Please repeat, exactly and without pictures, the lines of the entries below that run from the one containing "3、在屏幕的最下方拥有许多的" through the one containing "iFamily Split Screen".

Stored dataset items:
--- --- ---
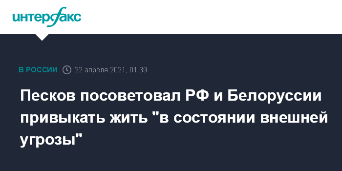 Москва. 22 апреля. INTERFAX.RU - Белоруссии и России нужно привыкнуть жить в состоянии внешней угрозы, заявил пресс-секретарь президента РФ Дмитрий Песков в эфире телеканала "Беларусь 1".
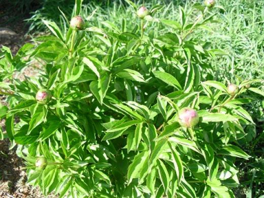 牡丹と芍薬は知らない方には区別がつきにくいと思います。パッと見ほとんど同じなので。蕾の写真でちょっと違いをお見せします。これが芍薬。草なので花が終わったら枯れてしまいますが多年草なので毎年ちゃんと出てきます。葉っぱに違いがあります。表面が光っている感じで幾分細いです。 牡丹は大き目の葉っぱで光沢はありません。これは木なので枯れません。 写真がうまく撮れていないのでわかりにくくて済みません。でも花に詳しくない私が唯一区別がつくものです
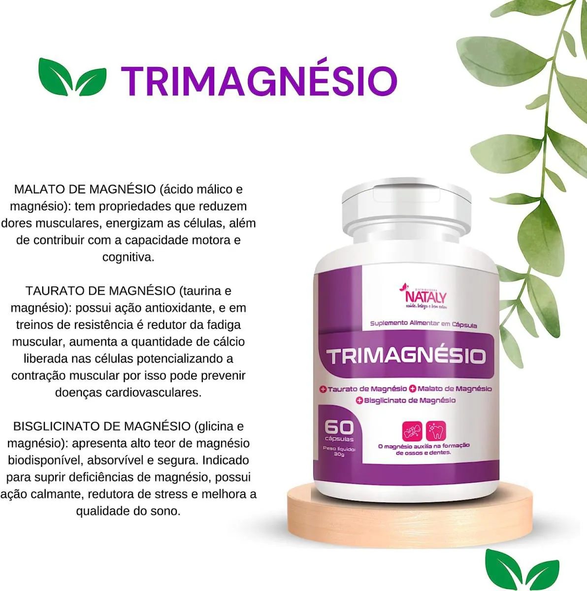 TRI MAGNÉSIO 60 CAPSULAS DE 500MG NATALY.
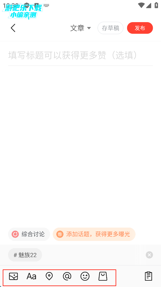 3、在屏幕的最下方拥有许多的功能,比如上传相片,字体的调整,地点的添加等等功能。
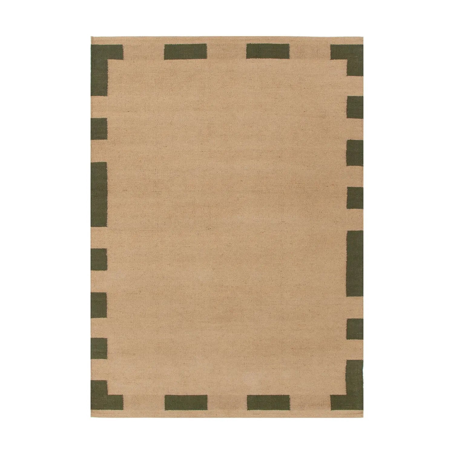 The Carlton Jute Rug is a beautifully handwoven piece that highlights the natural texture and charm of jute fibres. This rug features a clean, understated design with a neutral earthy brown base, complemented by a subtle green border. The geometric block detailing along the edges adds a modern, structured look while maintaining its organic appeal.
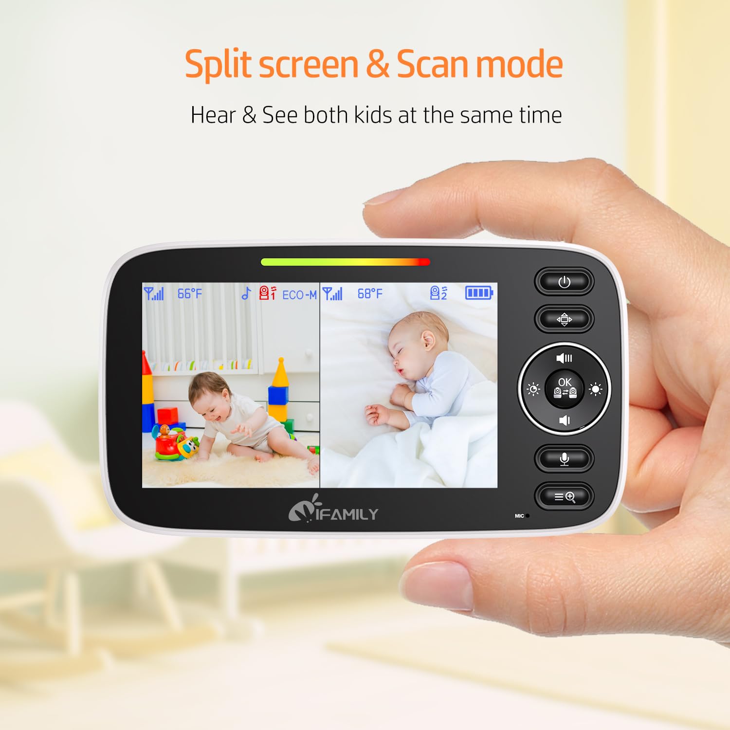 iFamily Split Screen Baby Monitor, Large Display Video Baby Monitor with 2 Cameras and Audio, Long Range, Remote pan tilt, Night Vision, Temperature Sensor, 2 Way Talk, Feeding Clock and lullabies.
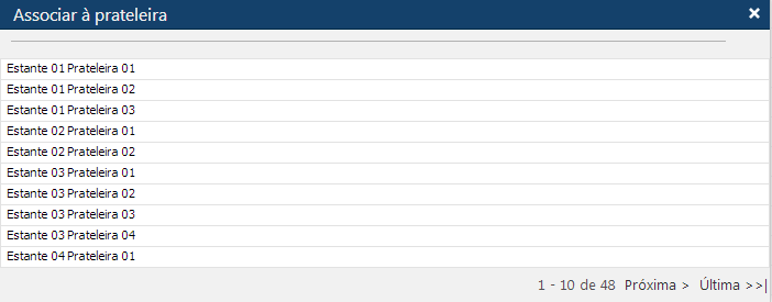 Após os exemplares serem visualizados na grade, é possível selecioná-los (marcando na primeira coluna das linhas dos exemplares desejados) e associá-los a uma prateleira através da interface apresentada ao acionarmos o botão “Associar”. Esta nova interface apresenta uma lista com todas as prateleiras da biblioteca, com suas estantes. O usuário deve selecionar com um duplo click a estante desejada, que será associada às obras selecionadas. No final, deverá acionar o botão Salvar.
--- --- ---
FINISHED TASK:
 3、在屏幕的最下方拥有许多的功能,比如上传相片,字体的调整,地点的添加等等功能。
 The Carlton Jute Rug is a beautifully handwoven piece that highlights the natural texture and charm of jute fibres. This rug features a clean, understated design with a neutral earthy brown base, complemented by a subtle green border. The geometric block detailing along the edges adds a modern, structured look while maintaining its organic appeal.
 iFamily Split Screen Baby Monitor, Large Display Video Baby Monitor with 2 Cameras and Audio, Long Range, Remote pan tilt, Night Vision, Temperature Sensor, 2 Way Talk, Feeding Clock and lullabies.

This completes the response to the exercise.